Characterising the prostanoid receptor(s) through which PGE2 modulates airway smooth muscle tone.

James Buckley, Sarah Maher, Deborah Clarke, Mark Birrell, Maria Belvisi. Imperial College, London, United Kingdom.

Prostaglandin E2 (PGE2) has been previously demonstrated to have significant bronchodilator and anti-inflammatory properties. However attempts to utilize these beneficial effects as a potential therapy for the treatment of respiratory diseases such as asthma and COPD have been hampered due to other, unwanted effects of PGE2 (e.g. cough). In order to select out the beneficial effects of PGE2, it is necessary to determine which prostanoid receptor (PR) is central to each of the various activities of PGE2. The aim of this study was to determine which PR PGE2 acts on to modulate airway smooth muscle (ASM) tone.

Isolated tracheal tissue (n=2-6) from male guinea-pigs (gp - Dunkin Hartley, 300-350g) or C57/BL6 mice (16-20gm, wild type or PR gene deleted mice) were set up in tissue baths containing oxygenated and indomethacin-containing (10-5M) Krebs maintained at 37°C. The tissues were exposed to vehicle (ethanol) or PGE2 (10-10-10-5M) under carbachol-induced tone (1µM) and in some cases the tissues were pre-incubated with vehicle (DMSO, 0.1% v/v) or PR antagonist for 30 minutes prior to PGE2 administration.

Under induced tone PGE2 caused relaxation of gp tissue (1.6 ± 0.2 gm, 56.4 ± 3.0 % of maximum relaxation to 100µM papaverine). This response was not modulated by the selective EP1, EP3 and EP4 antagonists used. However, the EP1/EP2/DP1 antagonist AH6809 caused a rightward shift in the PGE2 response curve suggesting that the dominant PR involved in relaxing ASM is the EP2 receptor. To help confirm this finding we exposed tracheal tissue from transgenic mice lacking individual EP PRs to PGE2 (Figure 1).

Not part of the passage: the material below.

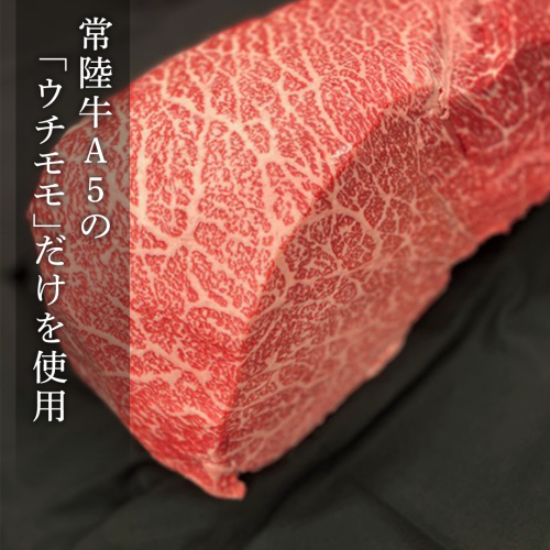 " 安心・安全 " 素材からこだわり、天皇賞獲得経験のあるドリームファーム佐藤牧場の旨味の濃い常陸牛A5ランクのウチモモだけを使用しています。
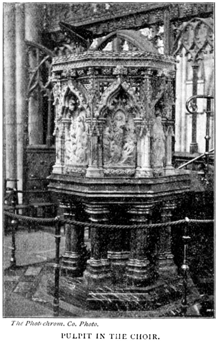 A closer view may seem at first disappointing. Every writer has echoed Dr. Oliver's regret that it should be surrounded "by dwelling-houses of such disparate character." But even a nearer survey is, with patience, rewarded. The towers, exquisitely traceried windows, sculptured doorways, and magnificent roof, easily persuade us to forget its mean surroundings.

Figure 1: Response to PGE2 of tracheal tissue taken from wild type and EP receptor deficient mice

In summary, we believe this to be the first study to use a combination of the latest pharmacological tools and ASM tissue from various EP receptor KO mice to show that PGE2 acts partially on the EP2 receptor to relax isolated tracheal tissue. We are currently trying to determine the receptor responsible for the remaining relaxation response to PGE2.